Here is a link to a story about recently proposed legislation regarding the proposal to impose stiffer penalties for super speeders.

http://atlanta.bizjournals.com/atlanta/stories/2009/01/26/daily48.html

It essentially provides that the increased fine money be collected by the county but sent to the state and ear marked for trauma centers.

How about if there were legislation introduced that allowed _super fines for some DNR violations_?? That additional fine money could be directed toward some type of land conservation, equipment purchase, DNR salaries, etc

Could this work to help us support our outdoor resources??


----------



## Dead Eye Eddy (Jan 29, 2009)

Sounds good to me, except speeding is one of my pet sins.  If it passes, I'm gonna have to be more careful.  It's easy to drive 85 on the interstate in light traffic.

Your idea would work, but the state government has shown multiple times that they don't care about the DNR and it's budget shortcomings, so they'd never enact it.


----------



## Milkman (Jan 29, 2009)

Dead Eye Eddy said:


> Sounds good to me, except speeding is one of my pet sins.  If it passes, I'm gonna have to be more careful.  It's easy to drive 85 on the interstate in light traffic.
> 
> Your idea would work, but the state government has shown multiple times that they don't care about the DNR and it's budget shortcomings, so they'd never enact it.



The fine money for excess speeding would go to funding for the trauma centers as proposed.

What I was thinking is some sort of super fines for certain DNR violations.


----------



## Miguel Cervantes (Jan 29, 2009)

Milkman said:


> Here is a link to a story about recently proposed legislation regarding the proposal to impose stiffer penalties for super speeders.
> 
> http://atlanta.bizjournals.com/atlanta/stories/2009/01/26/daily48.html
> 
> ...


 

It'll never happen, but if this bill passes I can see what the next step will be. A super tax on the purchase of firearms justified by more funds going to trauma centers for the treatment of victims of violent crimes.

It's all hogwash and the trauma centers won't see less than 1% of 1% of this money, however it is proposed.


----------



## vol man (Jan 29, 2009)

what kinda violations would result in a "super fine"?


----------



## Milkman (Jan 29, 2009)

vol man said:


> what kinda violations would result in a "super fine"?



which ever ones were proposed as such


----------



## Milkman (Jan 29, 2009)

scooter1 said:


> It'll never happen, but if this bill passes I can see what the next step will be. A super tax on the purchase of firearms justified by more funds going to trauma centers for the treatment of victims of violent crimes.
> 
> It's all hogwash and the trauma centers won't see less than 1% of 1% of this money, however it is proposed.

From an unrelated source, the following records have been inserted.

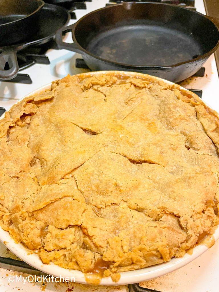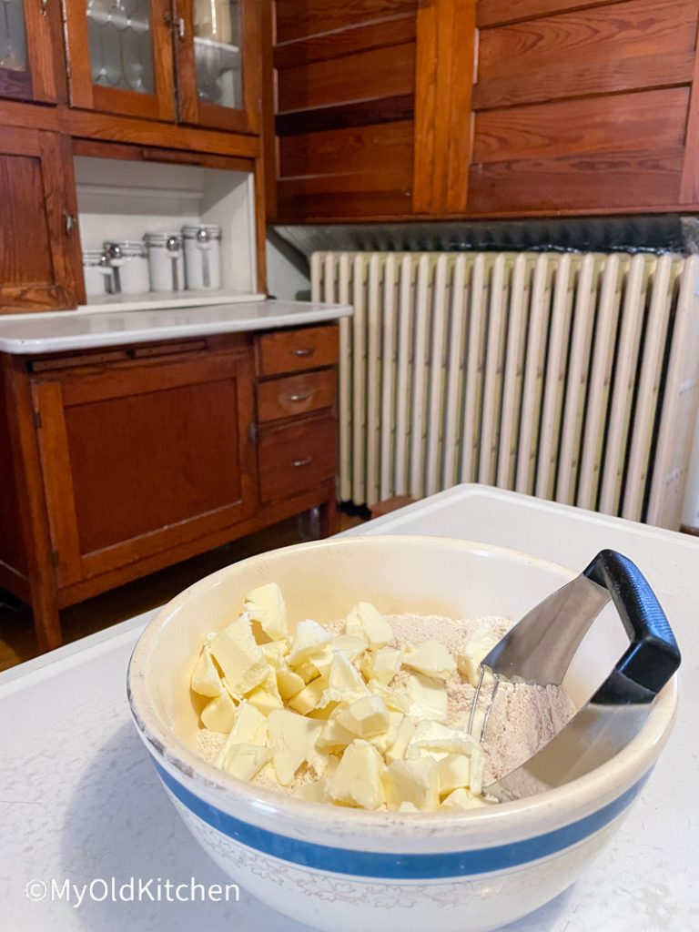 My grandma was…and now mom is….a master of this art of butter pie crust. My earliest memories are of my Slovak grandma grinding flour, kneading it on the counter while we sat on the stools, and then pulling caramel pecan rolls out of the oven while we all turned into monsters and inhaled them. I love fresh flour, kneading bread, and pastry. My Old Kitchen smells like childhood and happy things.
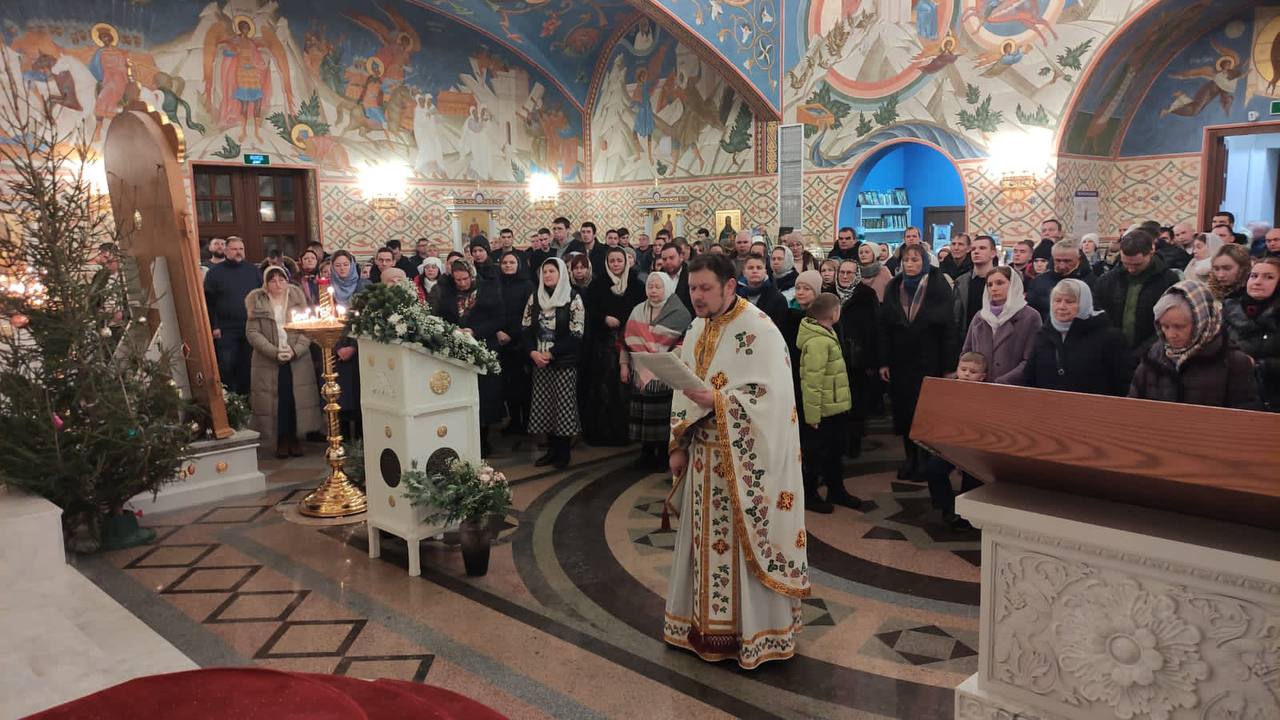 Протоиерей Максим Беликов зачитал прихожанам рождественские послания Святейшего Патриарха Московского и всея Руси Кирилла, епископа Балашихинского и Орехово-Зуевского Николая и обратился к присутствующим с праздничной проповедью.
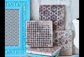 Se trata de crear baldosas con diseños PERSONALIZADOS y con un TOQUE DESGASTADO muy especial... Con las que se me ocurre se pueden crear composiciones para la pared o utilizar como posavasos, bases para jarrones o utensilios de cocina... Yo me decanto por imitar la baldosa TIPO HIDRAULICA como la de la imagen, aunque podría calcarse cualquier otro dibujo...Los materiales que necesitamos son los siguientes:

So you think we ought to wait and see if the super speeder idea comes to pass, and is effective first ???


----------



## Miguel Cervantes (Jan 29, 2009)

Milkman said:


> So you think we ought to wait and see if the super speeder idea comes to pass, and is effective first ???


 

Absolutely.


----------



## Meriwether Mike (Jan 29, 2009)

The lottery was supposed to be the fix for the education system too.  I just got through paying an extra $100 on top of the regular fees because of a budget shortfall for my sons tuition. I vote against giving the state any more money whenever I can.


----------



## Twenty five ought six (Jan 29, 2009)

The super speeder bill got shot down last year.  Remains to be seen if it picks up steam this year.

DNR already has the authority to add an administrative penalty to whatever fine a game miscreant receives.  For some reason it chooses not to exercise it.

One difference is that money DNR levies goes to the state treasury, not the local county.  I understand it doesn't go straight to DNR, but collecting the money would help its cause at the state level.


----------



## The AmBASSaDEER (Jan 29, 2009)

I think game violation should be stiffer.


----------



## howl (Jan 29, 2009)

Not enough laws already? Got more than enough for me. Just need better people enforcing them.


----------



## Milkman (Jan 30, 2009)

howl said:


> Not enough laws already? Got more than enough for me. Just need better people enforcing them.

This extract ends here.